Я понял, что в России нет ни свободы слова, ни свободы совести. Вот с каким опытом я вышел из студенческих волнений. Окунувшись в них, я вышел несомненно революционно настроенным. Моя дальнейшая судьбы была почти решена. Едва прошел месяц или два, как я попал после волнений домой и в апреле 1901 года меня снова арестовали. Я обвинялся в хранении нелегальной литературы.
Да, я по исключении из университета с жадностью набросился на книги по общественным вопросам, с жадностью читал нелегальные издания, знакомясь по ним с задачами революционеров и с приемами их борьбы. Я начал сознавать себя солидарным с ними. Но когда меня арестовали так скоро после выселки с Москвы, я при всем желании не успел бы и не сумел бы проявить свои убеждения в деятельности.
Я был арестован в первый раз за убеждения, за направление мысли. После этого я уже не мог, не имел права не быть революционером. Правительство сделало из меня революционера, оно само объявило меня вне закона, само толкнуло в революционные ряды.

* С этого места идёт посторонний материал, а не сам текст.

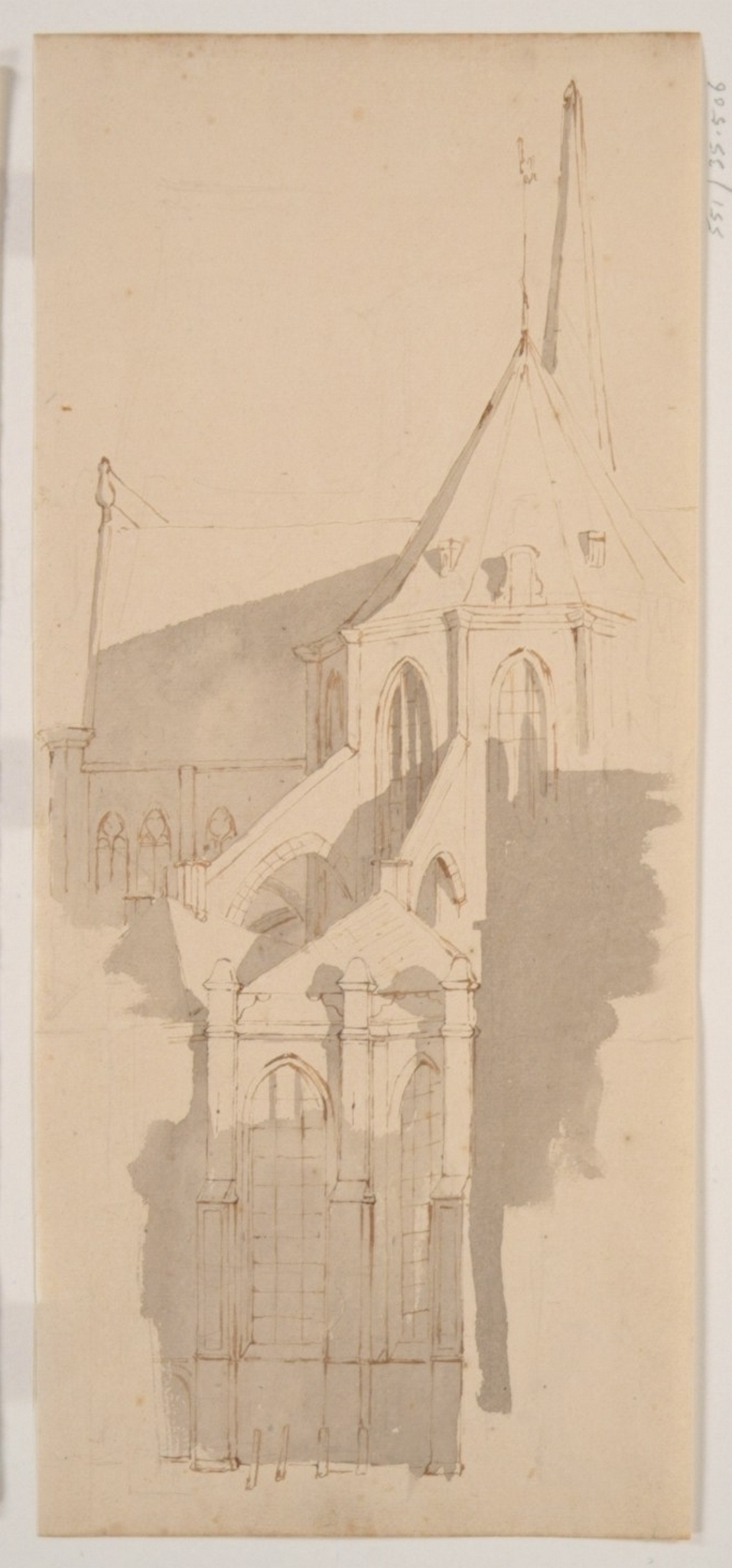 Vanaf Grotekerksplein... aanvankelijk dacht ik dat dat onmogelijk is vanwege de bebouwing rechts en je van daar vrij zicht op de kerk hebt. Maar het kan ook zijn dat we geen bebouwing zien, maar de schaduw van bebouwing. Het zonlicht komt van rechts, dus kan het zijn dat we wel vrij naar de kerk kijken, maar hier tegen een schaduw van andere bebouwing van het Grotekerksplein aankijken. Er zijn geen verdere details van de kerk in de schaduw te zien. Mogelijk is de tekening niet helemaal afgemaakt, zie ook het witte vlak links.
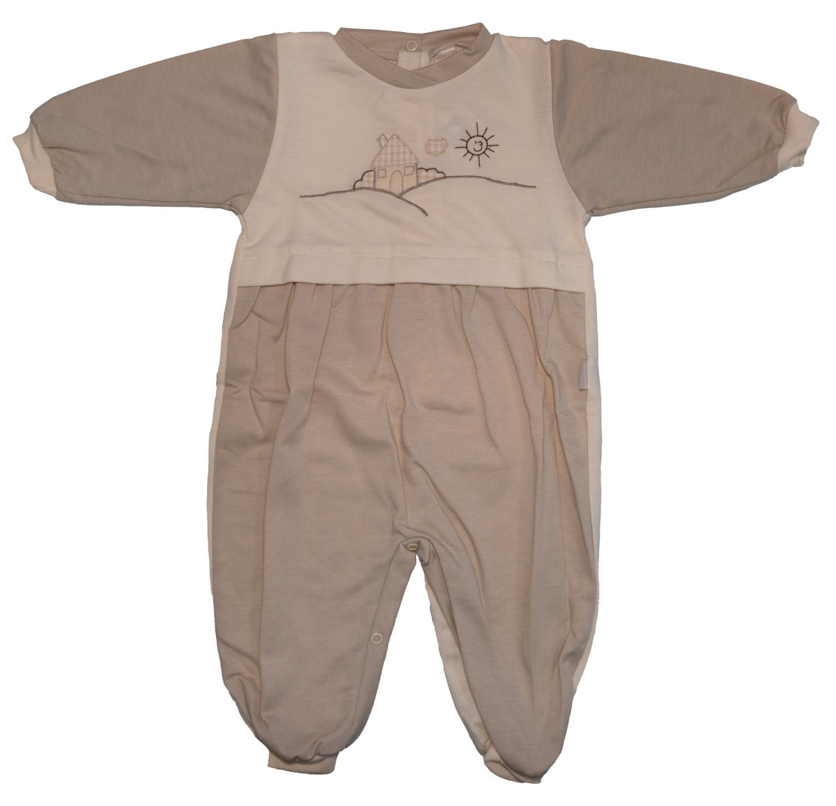 Praktikus és kényelmes viselet ez a nagyon vagány mintával baba rugdalózó.

Социалистом я стал, конечно, не благодаря правительству. Свои социальные идеалы я выработал на основании изучения зла в современных обществах и изучении путей, ведущих к исцелению этого зла. Социалистом я уже сделался после того, как стал революционером. И когда я стал социалистом, то мои революционные воззрения еще более окрепли, потому что, борясь за социалистические идеалы, я необходимо должен быть столкнуться с противодействием правительства.
Я принял некоторое участие в Уральском союзе социал-демократов и социалистов-революционеров. Первоначально я не был террористом, и только деятельность Сипягина и Плеве мало-помалу приводили меня к признанию необходимости вооруженных ответов на насилие министров. Я сознавал, что в иных случаях террор необходим, но я, слишком дорожа мирной продуктивной работой среди трудящихся масс, не считал возможным вменить его в обязанность революционной партии. Я был уверен, что среди революционеров всегда найдутся столь чуткие и решительные люди, что не побояться выступить на защиту жизни и чести граждан.
Став революционером в 1901 году, я в марте 1902 года опять был арестован за пол года деятельности в Уральском союзе, просидел пол года в тюрьме и был отправлен на пять лет в Якутскую область. Моя революционная жизнь длилась всего три года, из которых я половину просидел в тюрьме. На обыске мне ломали руки и раздирали рот, потому что я попытался уничтожить кое-какие бумаги. Картина обыска была до того отвратительна, что родители мои подумали, что я лишаю себя жизни.
Жандармы из личной злобы ко мне не давали мне покоя даже в тюрьме. Меня там по их приказанию ежедневно подвергали самому унизительному обыску с ног до головы. Жалобы на это прокурору ничуть не помогали. Меня ежедневно сводили с ума сценами самого отвратительного обращения с уголовными вплоть до их избиения. Мои жалобы на это прокурору и губернатору не помогали. Мне отвечали: «не ваше дело».